Morphosyntactic Tagging of Slovene: Evaluating Taggers and Tagsets

Saso Dzeroski, $^{\ast}$ Tomaz Erjavec, $^{\ast}$ Jakub Zavrel $^{\dagger}$
$^{\ast}$ Dept. for Intelligent Systems, Jozef Stefan Institute
Ljubljana, Slovenia
{saso.dzeroski,tomaz.erjavec}@ijs.si
$^{\dagger}$ Centrum voor Nederlandse Taal en Spraak, University of Antwerp
Antwerp, Belgium
jakub.zavrel@kub.nl

Published in the Proceedings of the Second International Conference on Language Resources and Evaluation, LREC 2000, pp. 1099--1104.

Abstract:

The paper evaluates tagging techniques on a corpus of Slovene, where we are faced with a large number of possible word-class tags and only a small (hand-tagged) dataset. We report on training and testing of four different taggers on the Slovene MULTEXT-East corpus containing about 100.000 words and 1000 different morphosyntactic tags. Results show, first of all, that training times of the Maximum Entropy Tagger and the Rule Based Tagger are unacceptably long, while they are negligible for the Memory Based Taggers and the TnT tri-gram tagger. Results on a random split show that tagging accuracy varies between 86% and 89% overall, between 92% and 95% on known words and between 54% and 55% on unknown words. Best results are obtained by TnT. The paper also investigates performance in relation to our EAGLES-based morphosyntactic tagset. Here we compare the per-feature accuracy on the full tagset, and accuracies on these features when training on a reduced tagset. Results show that PoS accuracy is quite high, while accuracy on Case is lowest. Tagset reduction helps improve accuracy, but less than might be expected.

Introduction

Trainable wordclass syntactic taggers have reached the level of maturity where many models and implementations exist, with several being robust and available free of charge. In this context, comparing, evaluating, and tuning taggers for 'new' languages becomes imperative. Recently, there has been growing interest in validation of language resources and processing tools, some explicitly concerned with tagger evaluation, e.g. the GRACE project [Adda et al., 1998] for French.

Less work on tagger evaluation and tagging in general has been done on the so-called Eastern European languages. These languages typically have quite different properties, in particular much richer word inflection. Standard morphosyntactic tagsets are therefore orders of magnitude larger (from 600 to over 3000); an even greater problem is the lack of training and testing data, i.e., pre-annotated corpora. The acquisition of training data, of course, gets easier when at least basic automatic methods are in place.

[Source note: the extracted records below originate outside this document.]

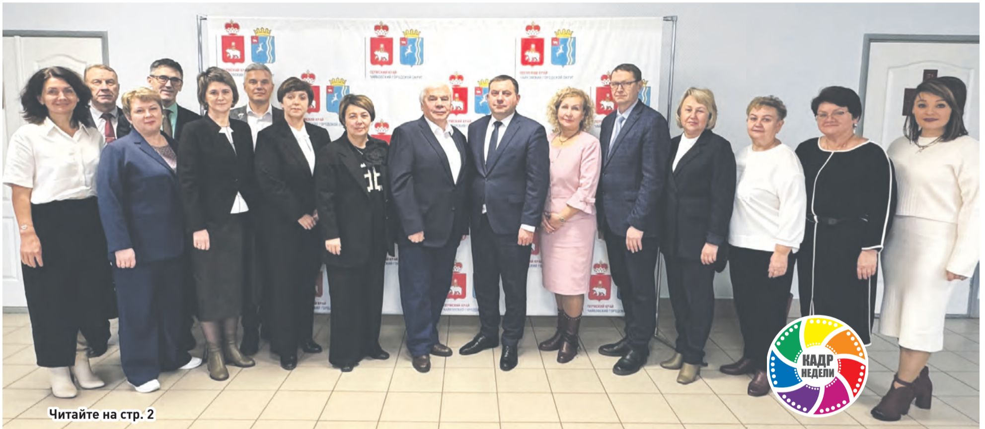
Читайте на стр. 2
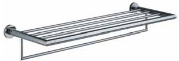
Towel rack, 600 mm ชั้นวางผ้า พร้อมมราวแขวน ขนาด 600 มม. 980.50.927
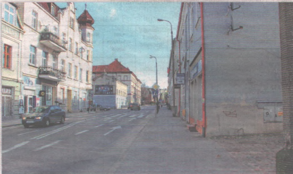
Samorząd Kwidzyna złożył wnioski o dofinansowanie trzech projektów w ramach Rządowego Funduszu Inwestycji Lokalnych. Jeden z nich dotyczy przebudowy ulicy Braterstwa Narodów.
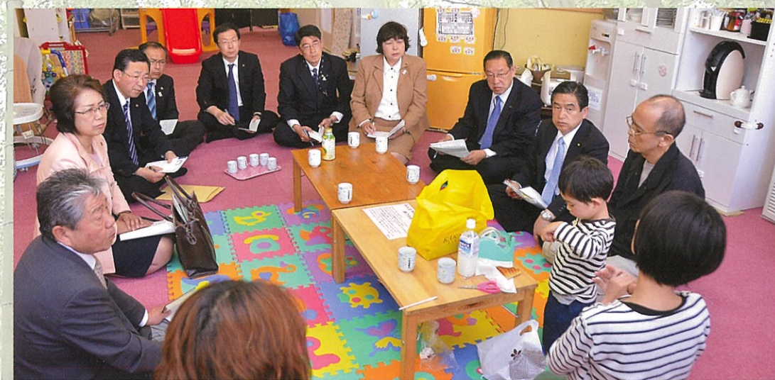
米沢市で福島からの避難者との意見交換を行う
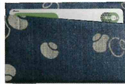
牛乳パックで作ったカード入れ

捨てられてしまいがちな牛乳パックやペットボトルキャップを使って生活に役に立つ「カードケース」と「マグネット」を制作して楽しくリサイクルし、ゴミを減らす提案をします。
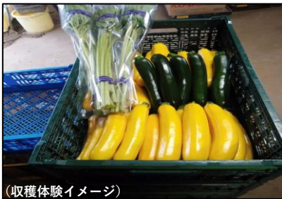
(収穫体験イメージ)
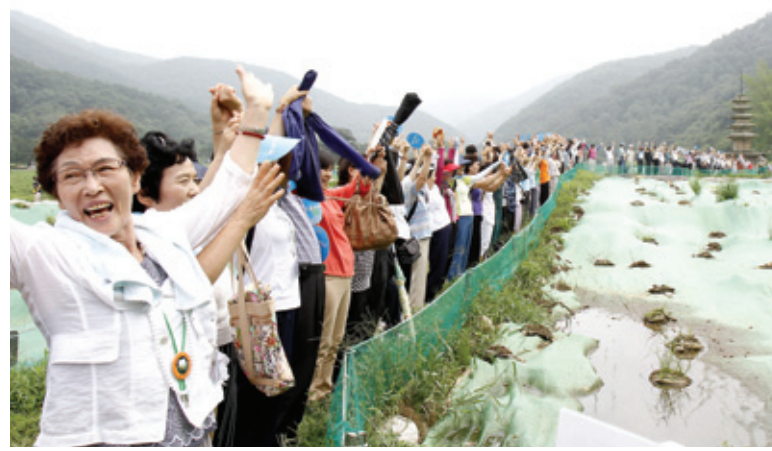
불자들이 보원사지에 함께 모여 내포 가야산 성역화와 보원사 복원을 서원했다.

신도들은 보원사지를 둘러보며 이번 성역화의 중요성을 가슴에 되새겼다. 토진 스님은 신도들에게 보원사지 주변을 둘러싸게 한 뒤 내포가야산 성역화와 보원사 복원을 함
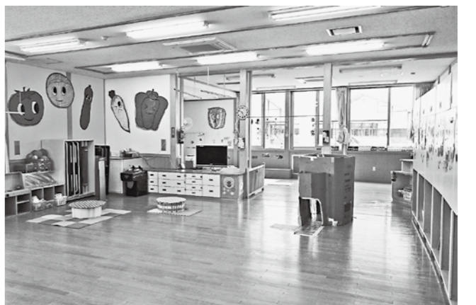
スペース確保のため奥行きを増築した角館こども園（秋田）
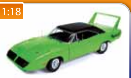
1:18 Plymouth Superbird Green Road & Track Magazine 1970 AUTOWORLD obj. č.: AMM995 1950 Kč
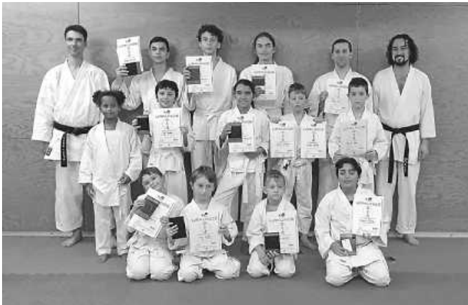
Teilnehmer der Gürtelprüfung der Karateabteilung am 8.12.2023

Haben Sie Interesse? Informationen zu unserer Abteilung finden Sie unter https://www.svhn1891.de/index.php/abteilungen/karate/abteilungswebseite-karate .
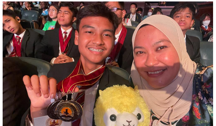
Kecemerlangan sukan juga ada dalam keluarga.
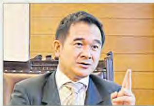
กฤษฎา จีนะวิจารณ์

กฤษฎา จีนะวิจารณ์ อธิบดีกรมสรรพสามิต ยังไม่ทันไปนั่งเป็นอธิบดีกรมศุลกากร อย่างเป็นทางการ วันที่ 1 ต.ค.นี้ ก็โดนรื้อก่อนไปเสียแล้ว เมื่ออยู่ดีๆ ก็มีข่าวว่ากรมสรรพ
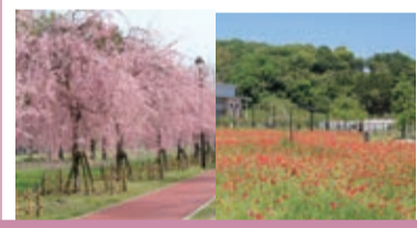
【垂枝樱花】4月上旬起 【墨樱花】5月上旬起 【大波斯菊】9月下旬起
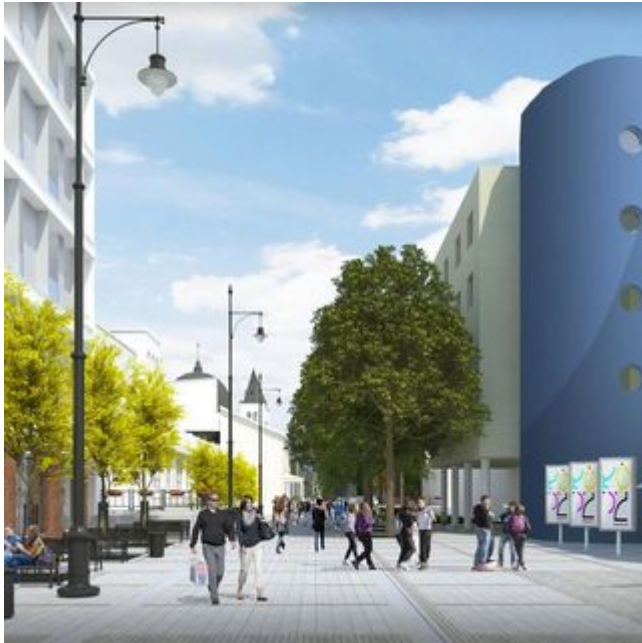
4 - PASAŻ RÓŻY WIZUALIZACJA OBSZAROWA CENTRUM ŁODZI WIZUALIZACJA NA PC FUNKCJONALNA
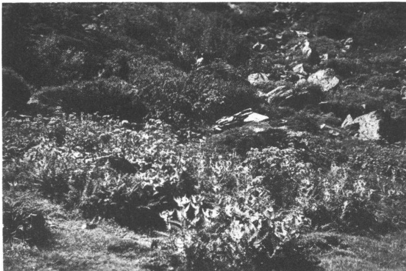
Abb. 1. Peucedano ostruthii - Cirsietum spinosissimi im oberen Bergell.

Im einförmigen Sattgrün der alpinen Lägerflora erblühen, weithin leuchtend, die hellgelben Distelköpfe des Cirsium spinosissimum . Sie kennzeichnen die Plätze, wo die Rinder lagern oder öfter beisammen stehen. Dem ammoniakgesättigten Boden entspiesst ein üppiges nitrophiles Staudenwerk aus Cirsium spinosissimum , Peucedanum ostruthium , Aconitum napellus , Adenostyles alliariae , Veratrum album , Arten die unter normalen Futterverhältnissen vom

The situation is beginning to change, in part due to the results of the MULTEXT-East project [Dimitrova et al., 1998] which, for Czech, Romanian, Hungarian, Estonian, Bulgarian and Slovene developed common language resources. These contain EAGLES-based morphosyntactic descriptions [Erjavec and Monachini, eds., 1997], medium sized word-form lexica utilising these descriptions [Ide et al., 1998] and a small parallel corpus annotated with disambiguated lexical information [Erjavec and Ide, 1998]. These hand-validated resources have been used as a starting point in a number of experiments on tagging and tagset design, e.g., for Romanian [Tufis, 1999,Tufis, 2000] and Hungarian [Varadi, 1999]. Tagging methods have also been developed and tested for Czech [Hajic and Hladka, 1998a,Hajic and Hladka, 1998b]; recently, an evaluation of tagging was performed on the complete multilingual MULTEXT-East updated resources [Hajic, 2000], including Slovene.

In our work on tagging evaluation [Dzeroski et al., 1999] we concentrate on the Slovene portion of the MULTEXT-East corpus, on which we trained and tested four different taggers. The taggers tested were rule-based tagger [Brill, 1995], the Maximum Entropy Tagger [Ratnaparkhi, 1996], the Memory-based Tagger [Daelemans et al., 1996] and the tri-gram tagger TnT [Brants, 1999].

The motivation for the work comes from the need for having an evaluation of tagger performance on Slovene language data, and for obtaining baseline results with 'standard' taggers. Further methods can then be used to boost performance (tagger or tagset combinators), or the accuracy numbers can be used as a benchmark against which to compare newly developed taggers. While we have not performed tests on other MULTEXT-East languages, we believe that results would carry over at least to the more similar of the languages, e.g., Czech. This is confirmed by comparable error rates on Slovene reported by us and by [Hajic, 2000].

We also investigate tagging performance on Slovene in relation to our EAGLES-based morphosyntactic tagset. Here we compare the per-feature accuracy on the full MSD tagset, and experiment with tagset reductions, a practice commonly adopted to improve tagger performance.

Section 2 presents the MULTEXT-East Slovene resources used in the experiment, and Section 3 the tagger evaluation experiment and the synopsis and analysis of testing results. Section 4 deals with minimising errors by modifying (reducing) the tagset. Section 5 gives conclusions.

The Data

The Slovene MULTEXT-East resource most relevant to tagging is the translation of Orwell's '1984'. The corpus is tokenised, and its words marked for morphosyntactic descriptions (MSDs) and lemmas. For our dataset we took the revised version of the resources published on the CD-ROM [Erjavec et al., 1998]. This section presents the Slovene morphosyntactic descriptions and the annotated corpus that served as the datasets used for training and testing the taggers and tagsets.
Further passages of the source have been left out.